Prevalence of periodontitis according to HSV infection

Participants were divided into six subgroups according to HSV-1 and HSV-2 infected condition. Figure 2 shows the prevalence of non-periodontitis, periodontitis, and severe periodontitis in these six subgroups. The prevalence of periodontitis (52.9%) and severe periodontitis (27.6%) was highest in the HSV-1 ( +) & HSV-2 ( +) subgroup, followed by the HSV-1 ( +) & HSV-2 (-) subgroup, HSV-1 (-) & HSV-2 ( +) subgroup and HSV-1 (-) & HSV-2 (-) subgroup.

Fig. 2
figure 2

Weighted prevalence of periodontitis and severe periodontitis among HSV infection among NHANES 2009–2014 survey. The variance analysis was performed between periodontitis and non-periodontitis (P < 0.001)

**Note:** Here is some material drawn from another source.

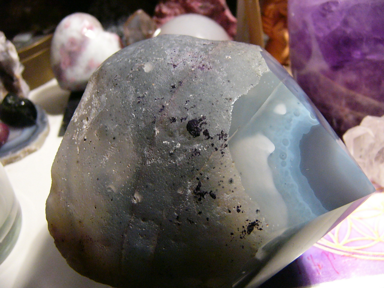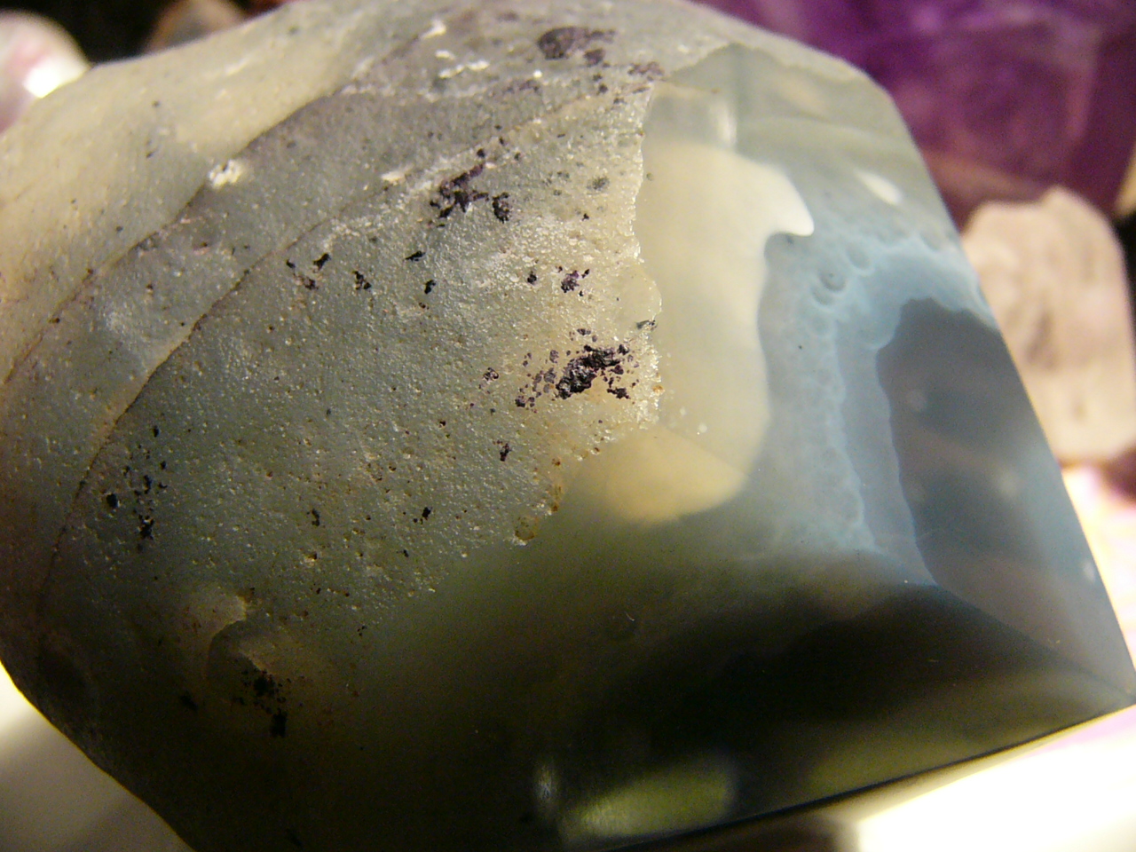 Ich denke das es sich um blau gebänderten Chalcedon handelt

Association between HSV and periodontitis

In the crude model of risk factors for periodontitis, HSV-1 ( +) participants had an 18% higher risk of periodontitis (OR 1.18, 95% CI: 1.13–1.24; P < 0.001) than HSV-1 (-) participants. After adjusting for age, sex, race/ethnicity, education, marital status, smoking status, PIR, alcohol consumption, BMI, physical activity, diabetes, vitamin E intake, white blood cell count, and total serum cholesterol, HSV-1 infection was still significantly related to periodontitis (OR 1.09, 95% CI: 1.05–1.14; P < 0.001). Similarly, HSV-2 ( +) individuals also had higher risk of periodontitis in both the crude model (OR 1.09, 95%CI: 1.04–1.15, P < 0.001) and the adjusted model (OR 1.06, 95% CI: 1.01–1.11; P < 0.001). Participants were further divided into different subgroups according to HSV-1 and HSV-2 infection. When HSV-1 (-) & HSV-2 (-) subgroup was set as the reference group, both HSV-1 ( +) & HSV-2 (-) participants and HSV-1 ( +) & HSV-2 ( +) participants showed higher risk of periodontitis in the adjusted model (HSV-1 ( +) & HSV-2(-): OR 1.09, 95% CI: 1.04–1.14, P < 0.001; HSV-1 ( +) & HSV-2 ( +): OR 1.15, 95% CI: 1.09–1.22, P < 0.001). However, in the adjusted model, the risk of periodontitis was not significantly different between HSV-1 (-) & HSV-2 ( +) group and the reference group (OR 1.05, 95% CI: 0.98–1.14; P = 0.140; Table 2).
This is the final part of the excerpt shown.